• _What you need to do_: Reproduce the section of the listing that begins at the line containing "Modernes Ferienhaus (erbaut" and finishes at the line containing "Смесь молочная сухая". Include both end lines and nothing beyond them.
━━ Data for processing
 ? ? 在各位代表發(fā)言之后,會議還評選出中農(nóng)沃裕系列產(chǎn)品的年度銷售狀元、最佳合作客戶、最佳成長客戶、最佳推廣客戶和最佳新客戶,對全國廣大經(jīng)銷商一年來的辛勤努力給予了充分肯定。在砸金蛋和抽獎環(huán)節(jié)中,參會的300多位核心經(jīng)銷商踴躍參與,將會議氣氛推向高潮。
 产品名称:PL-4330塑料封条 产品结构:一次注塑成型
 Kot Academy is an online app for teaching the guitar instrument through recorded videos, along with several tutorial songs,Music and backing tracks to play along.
━━━━
━━ Data for processing
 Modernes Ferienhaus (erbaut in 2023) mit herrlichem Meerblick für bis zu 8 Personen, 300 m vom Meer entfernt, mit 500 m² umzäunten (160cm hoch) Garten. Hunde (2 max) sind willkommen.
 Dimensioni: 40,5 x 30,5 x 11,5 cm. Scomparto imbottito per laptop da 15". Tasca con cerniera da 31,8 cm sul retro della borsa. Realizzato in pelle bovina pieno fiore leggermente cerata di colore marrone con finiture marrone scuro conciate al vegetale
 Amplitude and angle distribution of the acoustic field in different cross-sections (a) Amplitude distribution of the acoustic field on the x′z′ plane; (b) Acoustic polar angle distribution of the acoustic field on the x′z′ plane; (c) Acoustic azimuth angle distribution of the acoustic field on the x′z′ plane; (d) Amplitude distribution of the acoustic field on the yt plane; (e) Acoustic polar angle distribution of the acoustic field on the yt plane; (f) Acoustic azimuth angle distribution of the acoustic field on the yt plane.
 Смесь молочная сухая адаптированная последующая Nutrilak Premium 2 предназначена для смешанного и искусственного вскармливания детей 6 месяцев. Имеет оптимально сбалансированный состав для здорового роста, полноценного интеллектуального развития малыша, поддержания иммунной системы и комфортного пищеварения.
━━━━
━━ Data for processing
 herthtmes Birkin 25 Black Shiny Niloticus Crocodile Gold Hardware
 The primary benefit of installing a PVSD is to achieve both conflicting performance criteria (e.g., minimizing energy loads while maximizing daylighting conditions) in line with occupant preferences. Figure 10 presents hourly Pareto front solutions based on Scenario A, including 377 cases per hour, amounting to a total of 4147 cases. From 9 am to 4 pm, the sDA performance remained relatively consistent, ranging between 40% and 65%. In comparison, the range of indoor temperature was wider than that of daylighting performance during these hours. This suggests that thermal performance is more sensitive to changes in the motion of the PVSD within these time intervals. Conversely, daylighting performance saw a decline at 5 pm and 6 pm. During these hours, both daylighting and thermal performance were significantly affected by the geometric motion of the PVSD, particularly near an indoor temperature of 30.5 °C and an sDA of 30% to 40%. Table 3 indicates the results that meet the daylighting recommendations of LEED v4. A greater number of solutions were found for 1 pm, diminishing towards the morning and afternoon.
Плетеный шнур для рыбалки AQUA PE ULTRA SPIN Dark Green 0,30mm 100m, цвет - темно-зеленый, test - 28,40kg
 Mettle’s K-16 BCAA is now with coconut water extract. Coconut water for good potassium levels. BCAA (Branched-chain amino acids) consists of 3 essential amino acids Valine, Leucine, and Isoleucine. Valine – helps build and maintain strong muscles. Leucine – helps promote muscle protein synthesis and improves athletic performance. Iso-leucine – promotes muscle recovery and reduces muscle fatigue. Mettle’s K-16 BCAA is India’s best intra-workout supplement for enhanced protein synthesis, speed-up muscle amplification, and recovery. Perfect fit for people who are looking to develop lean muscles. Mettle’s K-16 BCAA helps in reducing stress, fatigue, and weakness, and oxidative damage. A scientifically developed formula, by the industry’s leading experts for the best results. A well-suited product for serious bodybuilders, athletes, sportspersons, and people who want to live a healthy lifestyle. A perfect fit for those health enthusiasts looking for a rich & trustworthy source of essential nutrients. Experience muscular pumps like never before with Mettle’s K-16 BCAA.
━━━━
• _Answer for this exercise_:
 Modernes Ferienhaus (erbaut in 2023) mit herrlichem Meerblick für bis zu 8 Personen, 300 m vom Meer entfernt, mit 500 m² umzäunten (160cm hoch) Garten. Hunde (2 max) sind willkommen.
 Dimensioni: 40,5 x 30,5 x 11,5 cm. Scomparto imbottito per laptop da 15". Tasca con cerniera da 31,8 cm sul retro della borsa. Realizzato in pelle bovina pieno fiore leggermente cerata di colore marrone con finiture marrone scuro conciate al vegetale
 Amplitude and angle distribution of the acoustic field in different cross-sections (a) Amplitude distribution of the acoustic field on the x′z′ plane; (b) Acoustic polar angle distribution of the acoustic field on the x′z′ plane; (c) Acoustic azimuth angle distribution of the acoustic field on the x′z′ plane; (d) Amplitude distribution of the acoustic field on the yt plane; (e) Acoustic polar angle distribution of the acoustic field on the yt plane; (f) Acoustic azimuth angle distribution of the acoustic field on the yt plane.
 Смесь молочная сухая адаптированная последующая Nutrilak Premium 2 предназначена для смешанного и искусственного вскармливания детей 6 месяцев. Имеет оптимально сбалансированный состав для здорового роста, полноценного интеллектуального развития малыша, поддержания иммунной системы и комфортного пищеварения.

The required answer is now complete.